- _HOW TO COMPLETE THIS TASK_
The answer should reproduce every entry exactly and contain no images.

[Stored items from a collection]

* * * * *

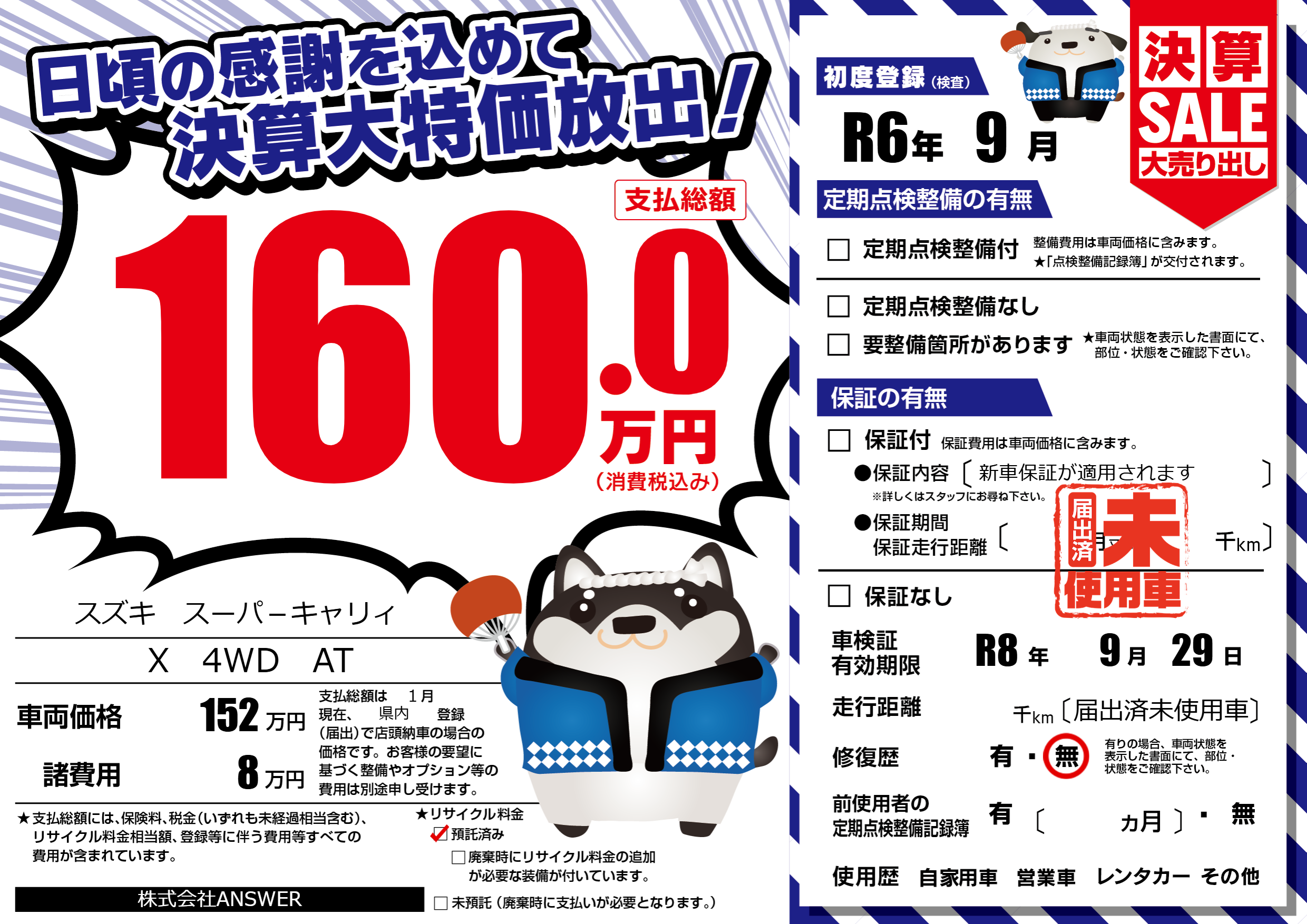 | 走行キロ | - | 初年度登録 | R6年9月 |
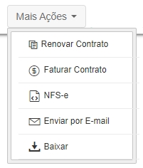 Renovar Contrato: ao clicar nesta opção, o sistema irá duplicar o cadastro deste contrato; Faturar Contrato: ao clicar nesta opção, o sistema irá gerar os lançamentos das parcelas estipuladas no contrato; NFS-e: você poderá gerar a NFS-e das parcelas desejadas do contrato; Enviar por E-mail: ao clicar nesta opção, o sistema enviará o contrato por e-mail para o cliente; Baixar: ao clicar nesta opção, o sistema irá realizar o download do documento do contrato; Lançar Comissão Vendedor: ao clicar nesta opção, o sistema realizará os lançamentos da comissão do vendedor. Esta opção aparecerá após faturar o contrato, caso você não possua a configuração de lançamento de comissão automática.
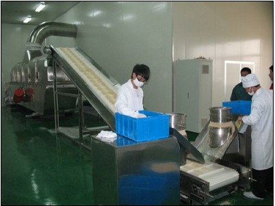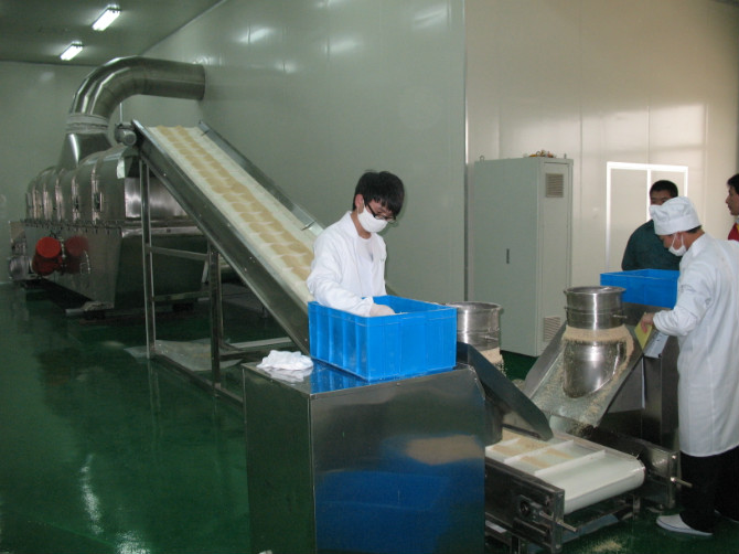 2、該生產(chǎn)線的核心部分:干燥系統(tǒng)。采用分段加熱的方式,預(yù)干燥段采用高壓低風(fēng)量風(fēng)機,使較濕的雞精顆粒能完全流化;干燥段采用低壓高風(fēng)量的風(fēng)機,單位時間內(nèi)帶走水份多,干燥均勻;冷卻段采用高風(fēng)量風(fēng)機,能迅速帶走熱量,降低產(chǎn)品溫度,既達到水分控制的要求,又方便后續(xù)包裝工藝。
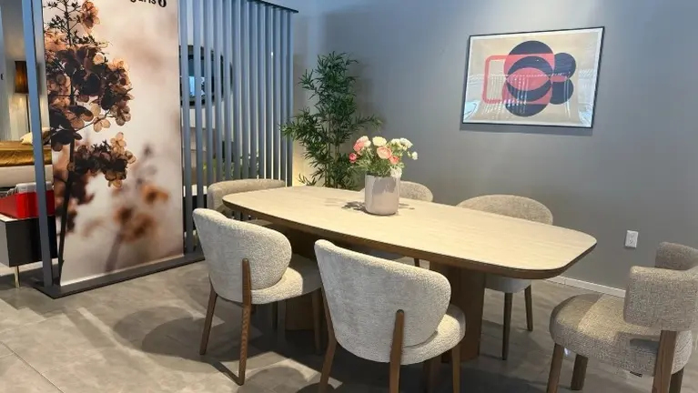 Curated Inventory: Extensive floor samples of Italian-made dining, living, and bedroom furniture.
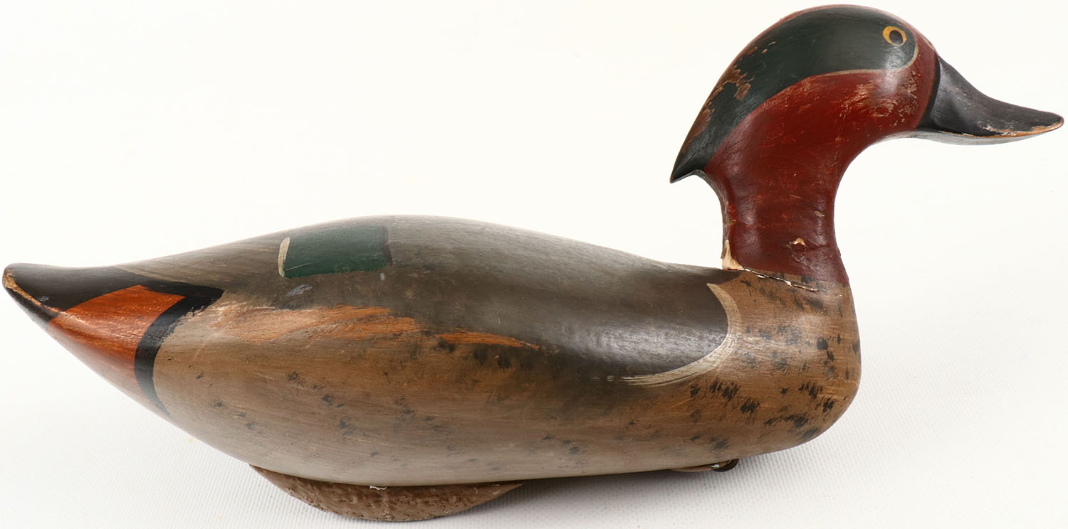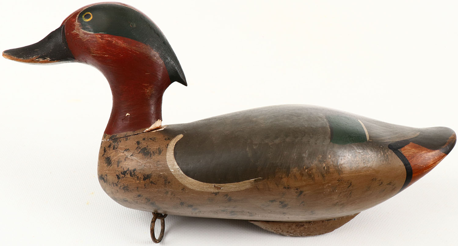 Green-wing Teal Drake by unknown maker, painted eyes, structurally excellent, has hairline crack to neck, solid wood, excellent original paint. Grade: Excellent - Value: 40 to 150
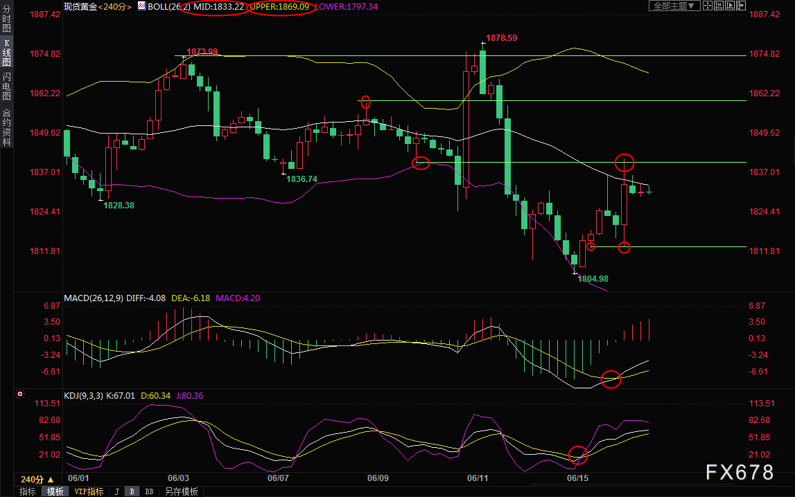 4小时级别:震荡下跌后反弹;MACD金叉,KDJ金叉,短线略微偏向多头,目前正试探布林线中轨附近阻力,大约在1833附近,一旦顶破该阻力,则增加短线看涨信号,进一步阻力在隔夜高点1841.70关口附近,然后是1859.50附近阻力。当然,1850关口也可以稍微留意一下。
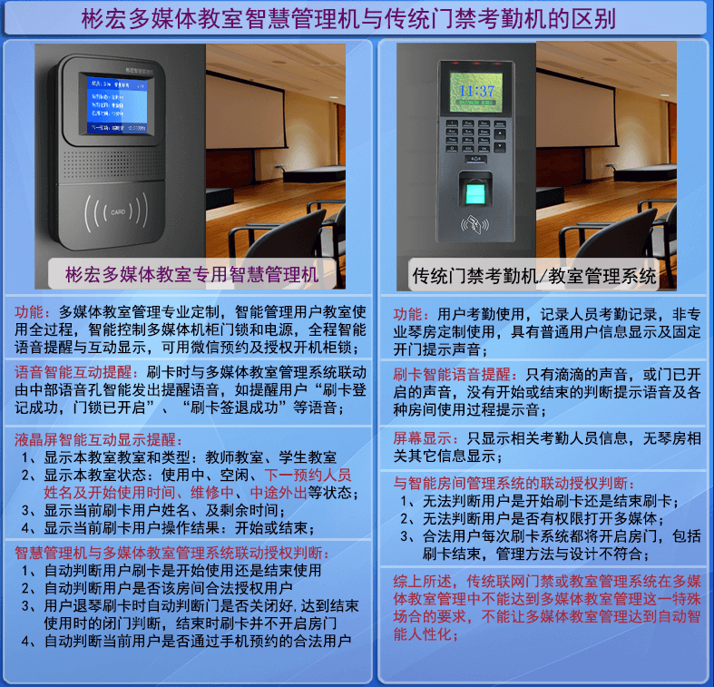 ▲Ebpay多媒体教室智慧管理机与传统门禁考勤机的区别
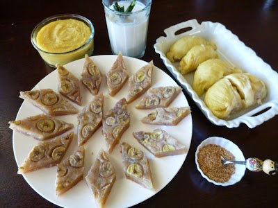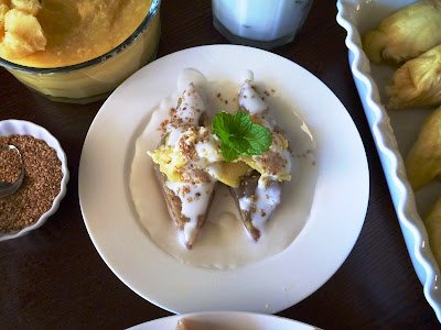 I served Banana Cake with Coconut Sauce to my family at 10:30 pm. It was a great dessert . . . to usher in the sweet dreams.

* * * * *

- _ANSWER BOX_
 | 走行キロ | - | 初年度登録 | R6年9月 |
 Renovar Contrato: ao clicar nesta opção, o sistema irá duplicar o cadastro deste contrato; Faturar Contrato: ao clicar nesta opção, o sistema irá gerar os lançamentos das parcelas estipuladas no contrato; NFS-e: você poderá gerar a NFS-e das parcelas desejadas do contrato; Enviar por E-mail: ao clicar nesta opção, o sistema enviará o contrato por e-mail para o cliente; Baixar: ao clicar nesta opção, o sistema irá realizar o download do documento do contrato; Lançar Comissão Vendedor: ao clicar nesta opção, o sistema realizará os lançamentos da comissão do vendedor. Esta opção aparecerá após faturar o contrato, caso você não possua a configuração de lançamento de comissão automática.
 2、該生產(chǎn)線的核心部分:干燥系統(tǒng)。采用分段加熱的方式,預(yù)干燥段采用高壓低風(fēng)量風(fēng)機,使較濕的雞精顆粒能完全流化;干燥段采用低壓高風(fēng)量的風(fēng)機,單位時間內(nèi)帶走水份多,干燥均勻;冷卻段采用高風(fēng)量風(fēng)機,能迅速帶走熱量,降低產(chǎn)品溫度,既達到水分控制的要求,又方便后續(xù)包裝工藝。
 Curated Inventory: Extensive floor samples of Italian-made dining, living, and bedroom furniture.
 Green-wing Teal Drake by unknown maker, painted eyes, structurally excellent, has hairline crack to neck, solid wood, excellent original paint. Grade: Excellent - Value: 40 to 150
 4小时级别:震荡下跌后反弹;MACD金叉,KDJ金叉,短线略微偏向多头,目前正试探布林线中轨附近阻力,大约在1833附近,一旦顶破该阻力,则增加短线看涨信号,进一步阻力在隔夜高点1841.70关口附近,然后是1859.50附近阻力。当然,1850关口也可以稍微留意一下。
 ▲Ebpay多媒体教室智慧管理机与传统门禁考勤机的区别
 I served Banana Cake with Coconut Sauce to my family at 10:30 pm. It was a great dessert . . . to usher in the sweet dreams.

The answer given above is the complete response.